MACERA DOLU AMERIKA - 7. GUN

7. GUN

Gezimizin sonuna dogru yaklasirken, Nampa’dan Portland’a olan yolculugumuz icin fazla plan yapmadik. Sadece hedefimize ulasmak icin iki yol seceneginden gozumuze en eglenceli gorunen Columbia Nehri (Columbia River) boyunca uzanan yolu sectik. Sabah uyanip, kahvaltimiz sirasinda da sakin bir yolculuk yapip, Portland’a erken varmayi orada da biraz zaman gecirmeyi dusunduk.

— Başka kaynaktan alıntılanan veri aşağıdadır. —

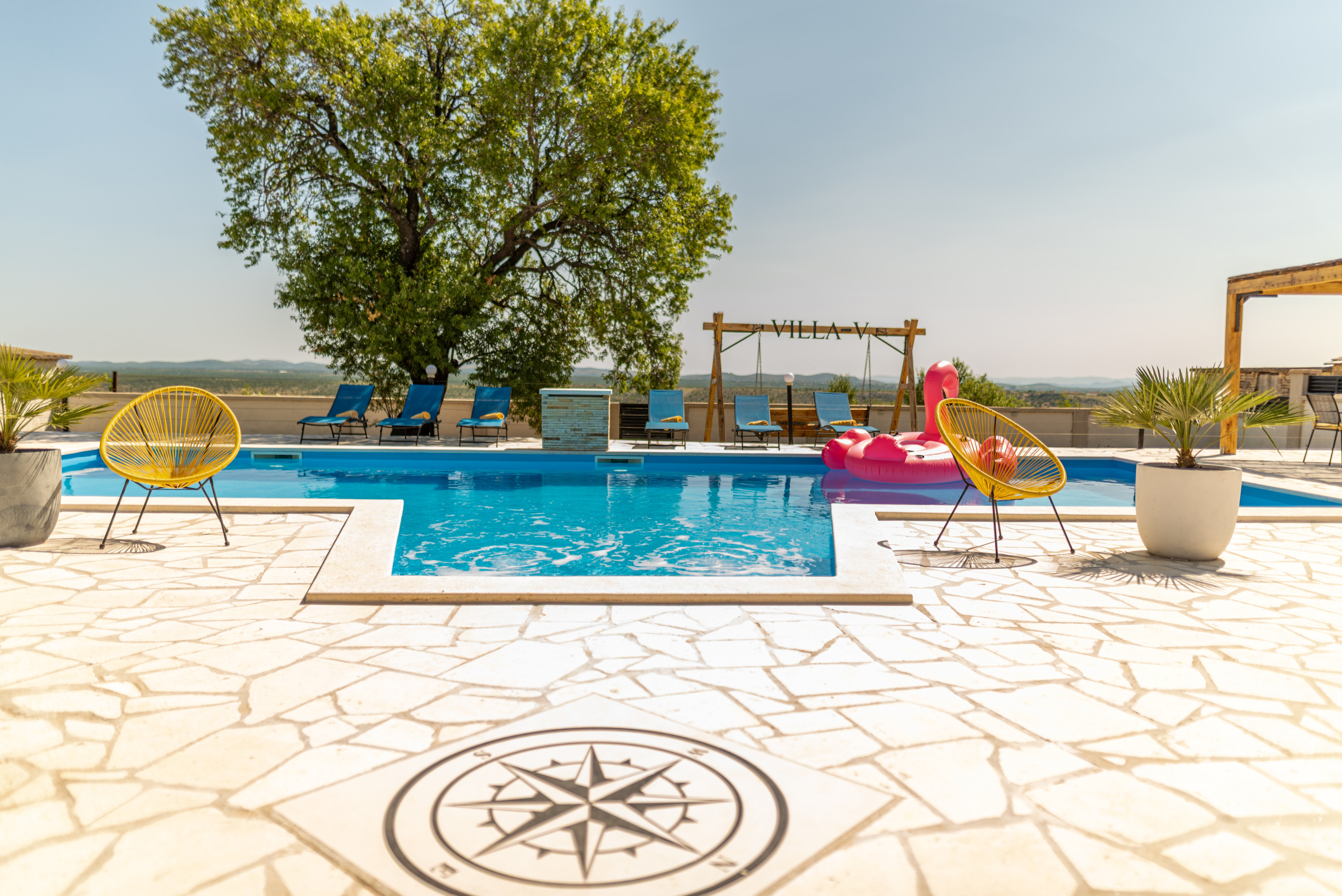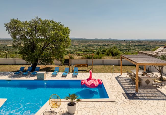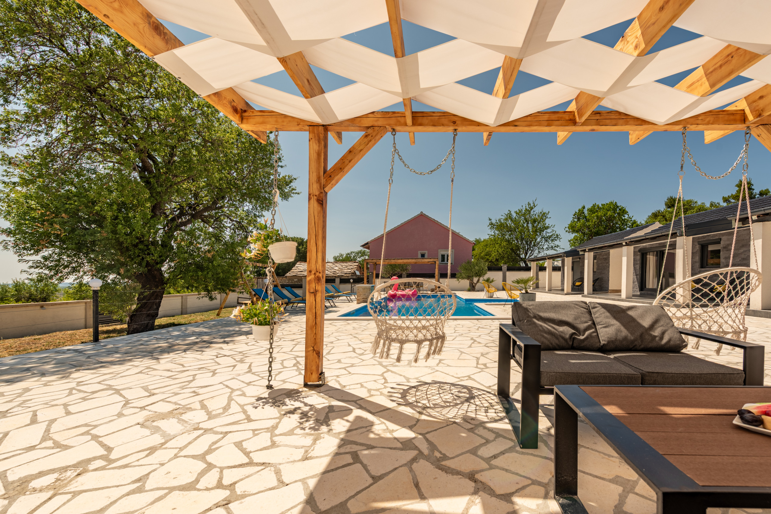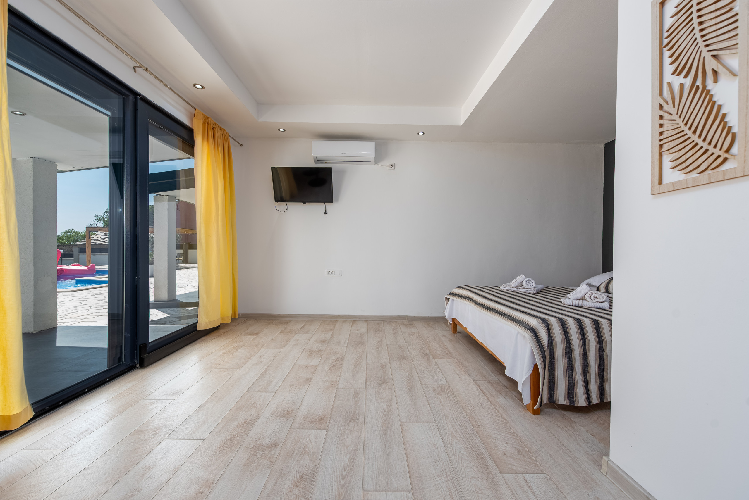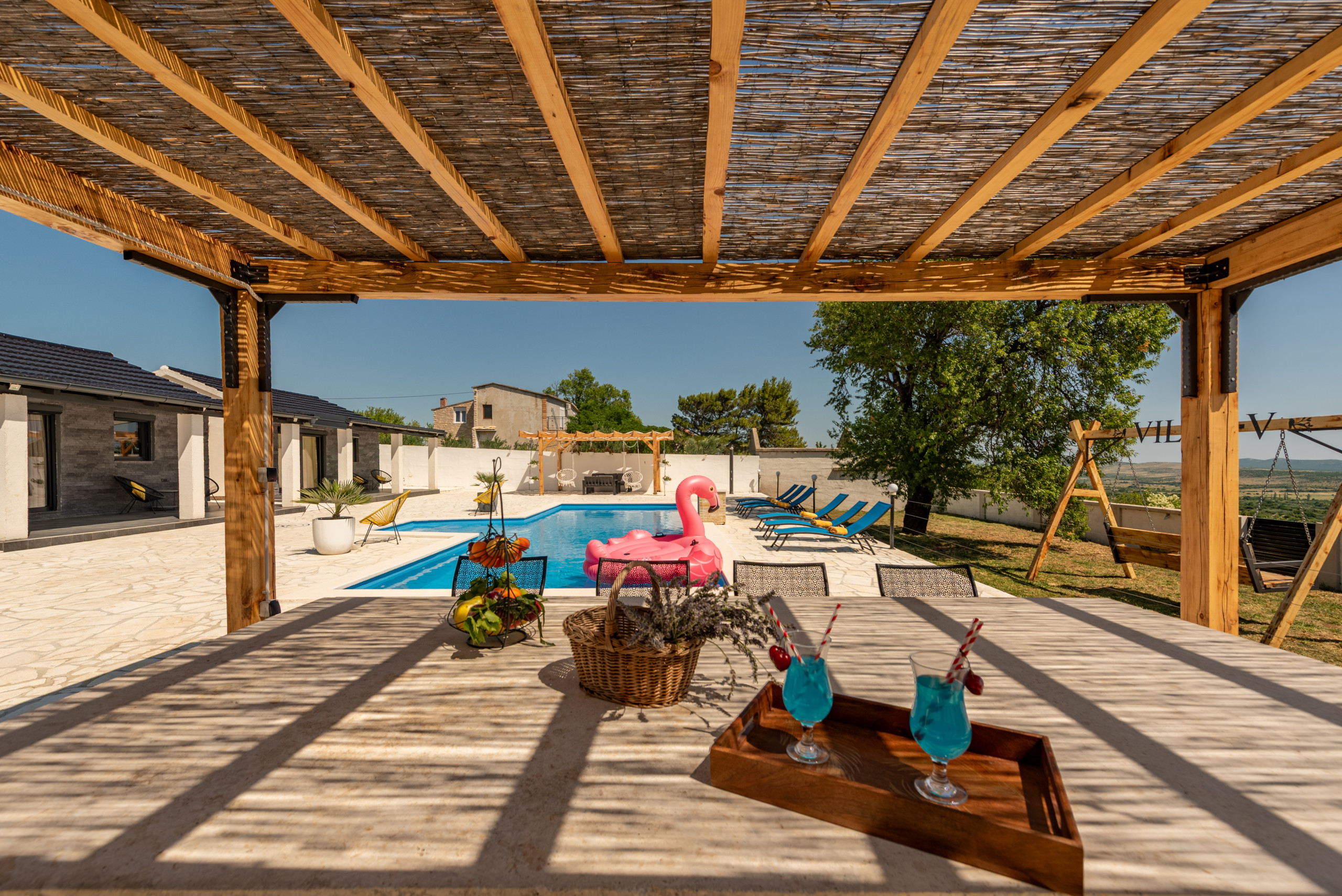 Diese charmante Villa mit 3 Wohneinheiten befindet sich in Buković, einem Teil der Stadt Benkovac, die 36 Kilometer von der historischen Stadt Zadar entfernt ist. Das Anwesen besteht aus drei Einheiten und deren Gemeinschaftsbereich, der schönen Terrasse und dem großen Swimmingpool. Jede der Einheiten in der Unterkunft bietet ein Doppelbett und bei Bedarf ein zusätzliches Einzelbett, was sie zum perfekten Ort für 9 Gäste macht, die eine Portion Privatsphäre in ihrer Unterkunft schätzen. Der perfekte Ort, um sich zu versammeln, ist die Terrasse und der Poolbereich, wo Sie Erfrischungen und Aktivitäten genießen können, alles in der friedlichen Umgebung dieses Anwesens, die einen ruhigen Urlaub, Frieden und Ruhe garantiert. Den Gästen stehen auch Grillmöglichkeiten und ein Kinderspielplatz nur 200 m entfernt zur Verfügung.
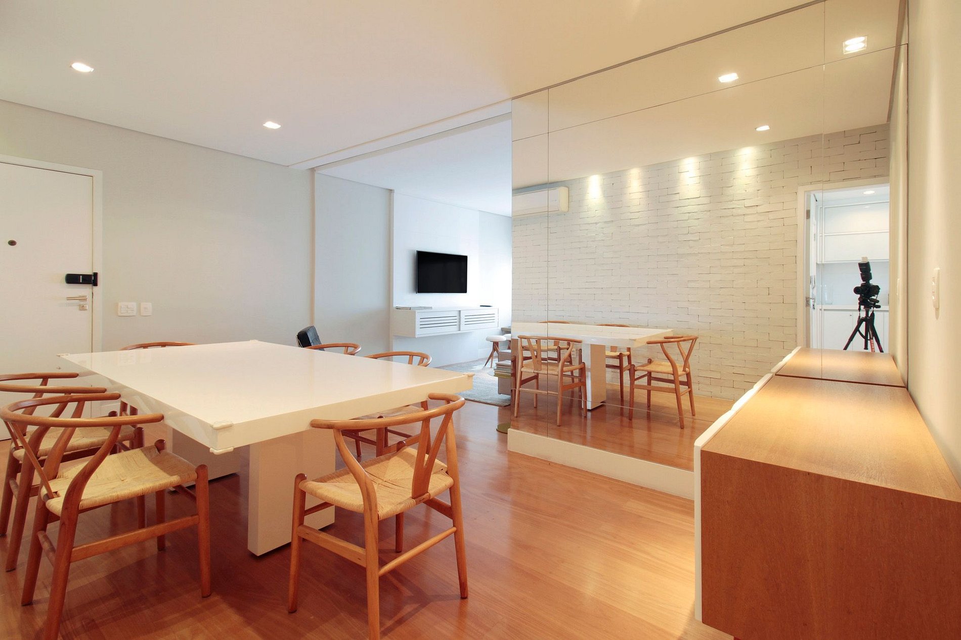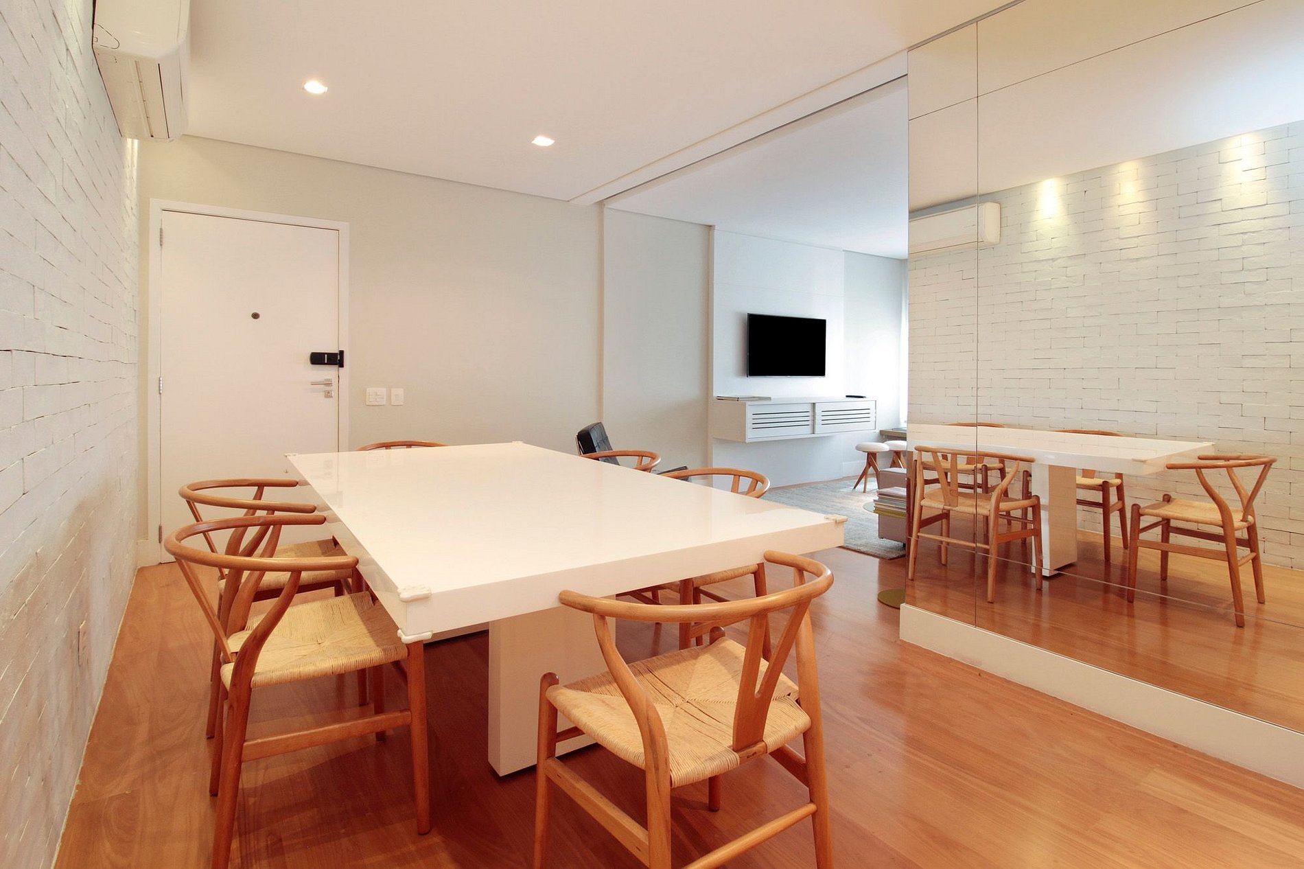 A sala é super arejada e iluminada, com TV Smart, excelente internet e uma vista linda para a copa das árvores dos Jardins. Sala de jantar com 8 lugares.

Sabah saat 10 civarinda yola koyulduk ve yaklasik 1 saatlik yoldan sonra nehri yakaladik. Yolumuzun geri kalan kisminda da bu guzel nehir bize yoldaslik etti. Misafirperverligini ve arkadasligini da yolumuzun uzerinde bize gosterdigi beklenmedik suprizleri ile gosterdi. Aslina bakilirsa ilk molamizda benim telefonumu tuvalette unutmamla birlikte bir telas yasamadik degil, 10 dk’lik bir mesafeden geri donmek zorunda kaldik. Neyseki telefonumu bulan bir cift onu guvenlige birakmis, kendilerini bulup tesekkur edemedim maalesef, biz alana tekrar vardigimizda onlar ayrilmislardi, ama yine de onlara buradan sukranlarimi sunuyorum.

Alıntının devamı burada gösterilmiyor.